Three US initial public offerings were postponed on Thursday, but Zynga is to press ahead with its plan to list next week, in further evidence of a two-speed market in IPOs.
Many start-up companies have matured into sizeable companies in the years since the financial crisis began in 2008, resulting in the longest pipeline of IPOs in the US since the dotcom boom. But investor demand has not kept pace this year, and there has been a surge in the number of cancelled, postponed and withdrawn deals.
Some sectors, notably internet companies, remain on investors’ wish lists. Zynga, the maker of games for social networks and mobile devices, still plans to move forward with an initial public offering next week, as does Jive Software, which makes social networking software for businesses.
They will follow hotly anticipated names such as Groupon and LinkedIn into the public markets, despite those IPOs seeing declines in their share prices post-issuance amid fears of overvaluation due to artificially small floats of shares.
But the delays on Thursday for Peak Resorts, a ski holiday group; HomeStreet, a community bank; and WhiteSmoke, a language software-maker, brought the number of delayed deals this year to 84, the highest since 2008, according to Ipreo, a capital markets data and advisory provider.

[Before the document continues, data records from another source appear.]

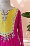 Featuring a fuchsia pink anarkali for girls in mul cotton base with thread hand embroidery. It is paired with straight pants and a yellow dupatta. Accentuate it with cute hair clips, comfy sandals and a tiny sling bag for a stylish ensemble, ideal for wedding functions, birthday parties or festive occasions.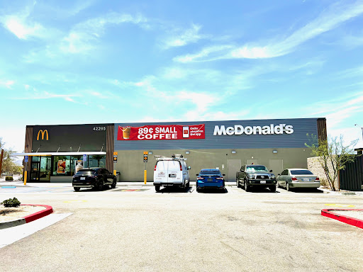 This McDonalds has been open for probably a year, but when I went there today the drive thru was closed so arrows could be painted on the asphalt. Going inside for the first time I was taken aback by how sterile and bleak this supposedly modern looking dining room was; it really gave me the ick. My order came quickly and the Chicken McNuggets were really fresh and delicious. The fries lacked salt and were bland like the dining room. Worst of all it is nearly impossible to access this McDonalds if you are driving East on Avenue 42 as there is no entrance available due to the median, and at the light you are not allowed to make a U-turn. So when you make the left hoping to make a U-turn at the next light - well that's not legal there, too! So you get stuck in driving way out of your way to find a safe place to make a U turn after waiting through 2 lights so you can double...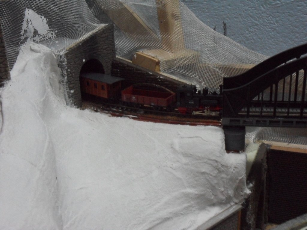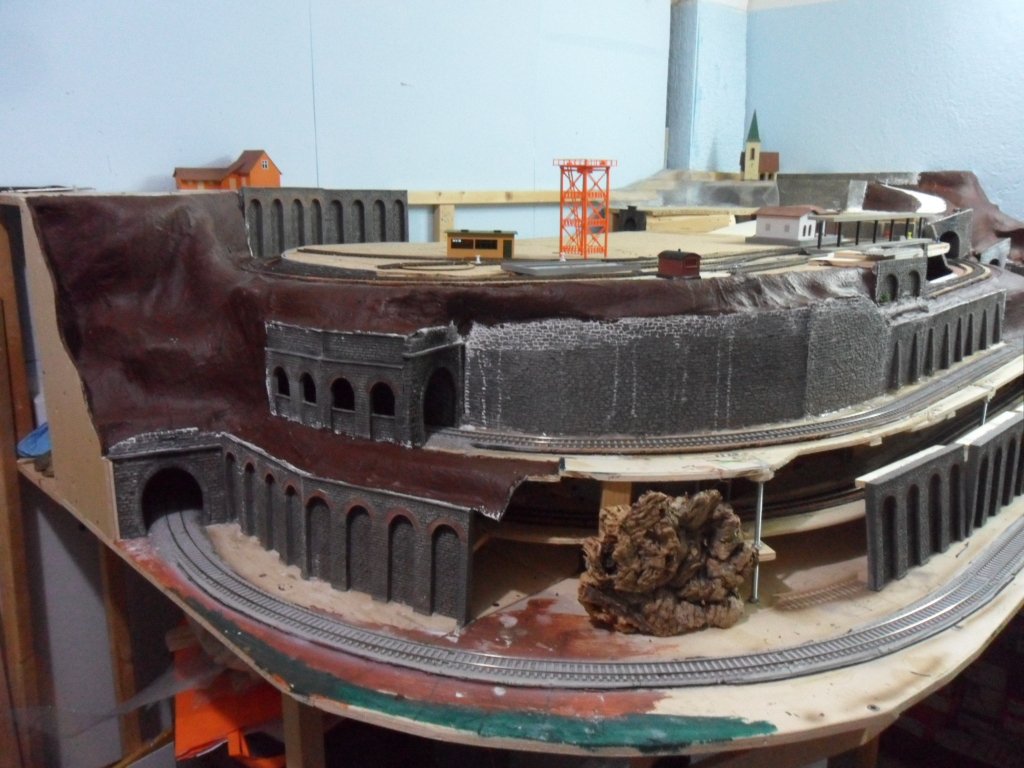 Il proseguo della montagna, la base di fondo sui rilievi e la colorazione dei binari e le rotaie .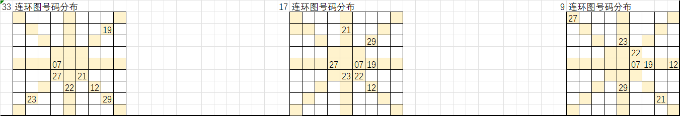 我的思路主要是统计分析九转连环图,彩虹官方平台上也有分布图,我们先来看看原理。九转连环图是宋代数学家杨辉的“幻圆”演变而来的,每个圆环、每条轴(不含中心数字)的和值均相等。经过各位前辈老师不断改进应用,形成了以中心数字为33、17、9的连环图,保持每个圆环、每条轴等和值的特点,这里要感恩古代文化的博太精深,也要感谢各位前辈推演应用的方法。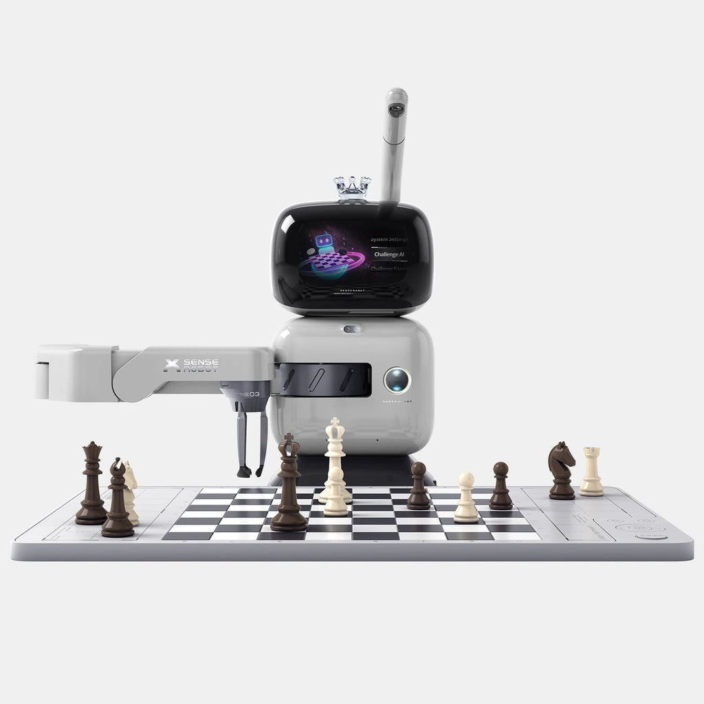 SenseRobot AI Chess Robot: a professional training system with 26 adaptive AI levels up to ELO 3200, delivering realistic gameplay that feels like facing a real opponent.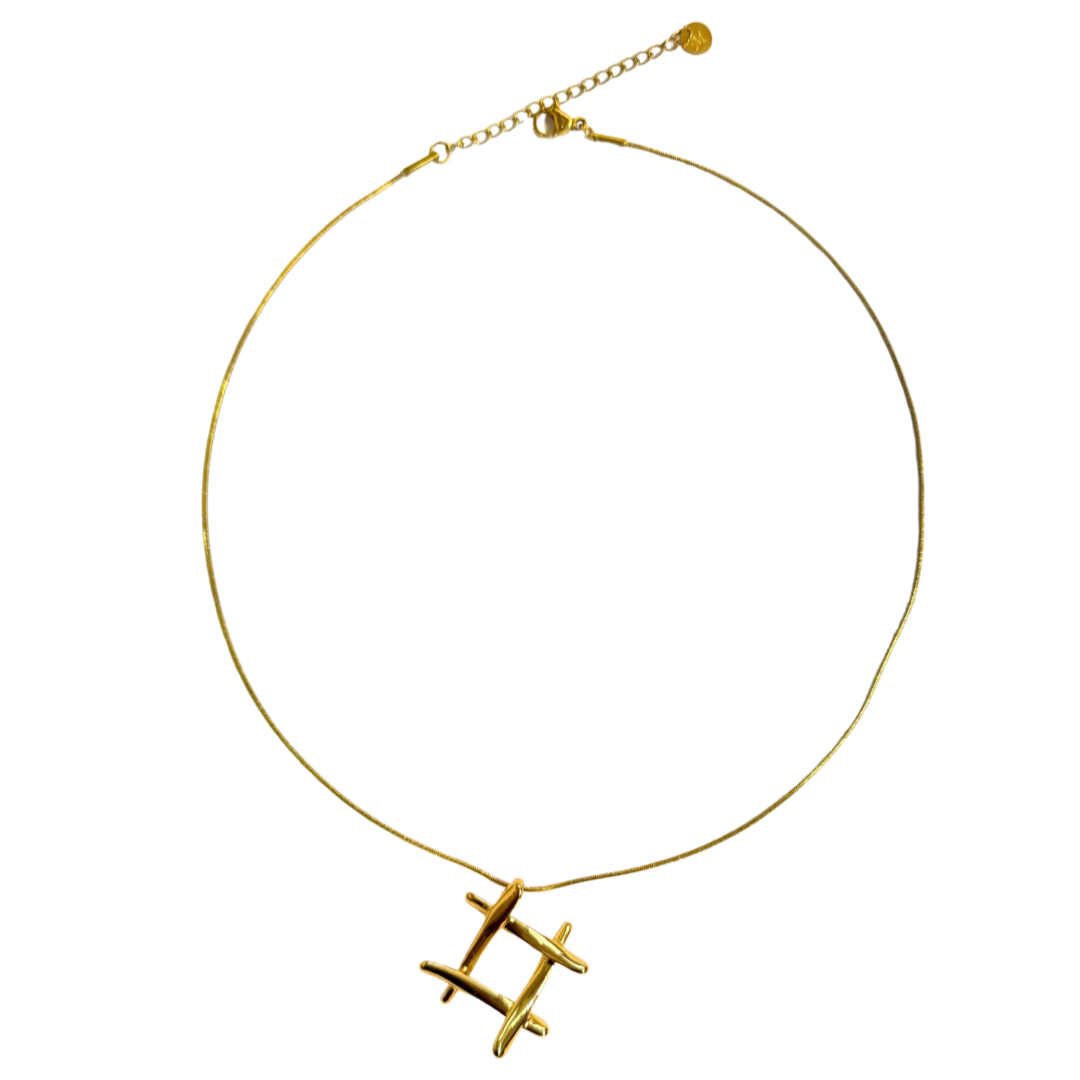 Colar de Aço Dourado com Pingente de Trama CL797 - Daniela Curvelo

“High flying pre-IPO companies…did little to break the gloom surrounding equity markets,” said Nicholas Colas, chief market strategist at ConvergEx Group.
“An equity capital markets environment where hundreds of new companies can make it out the door would be a positive for market sentiment. A handful of social networking companies getting into public hands does not,” he added.
There is still an expected year-end rush next week, with 11 companies hoping to debut. That is likely to be the last week of the year for issuance, since it takes about two weeks to market an IPO, and few deals price during the last two weeks of the year.
If all are successful, it would be the busiest week for US IPOs since 2007, according to Renaissance Capital, a research firm.
With those deals, 2011 would see a total of 130 US IPOs, according to Renaissance, 16 per cent fewer than in 2010, raising $37.2bn, below the $38.7bn raised last year.
Many of the most anticipated public offerings, including web groups Facebook, Yelp and Twitter, have been postponed until next year.
Earlier this week, LivingSocial, the online coupon seller and competitor to Groupon, said it was raising $400m in private markets, an indication that many companies are pursuing alternatives to going public.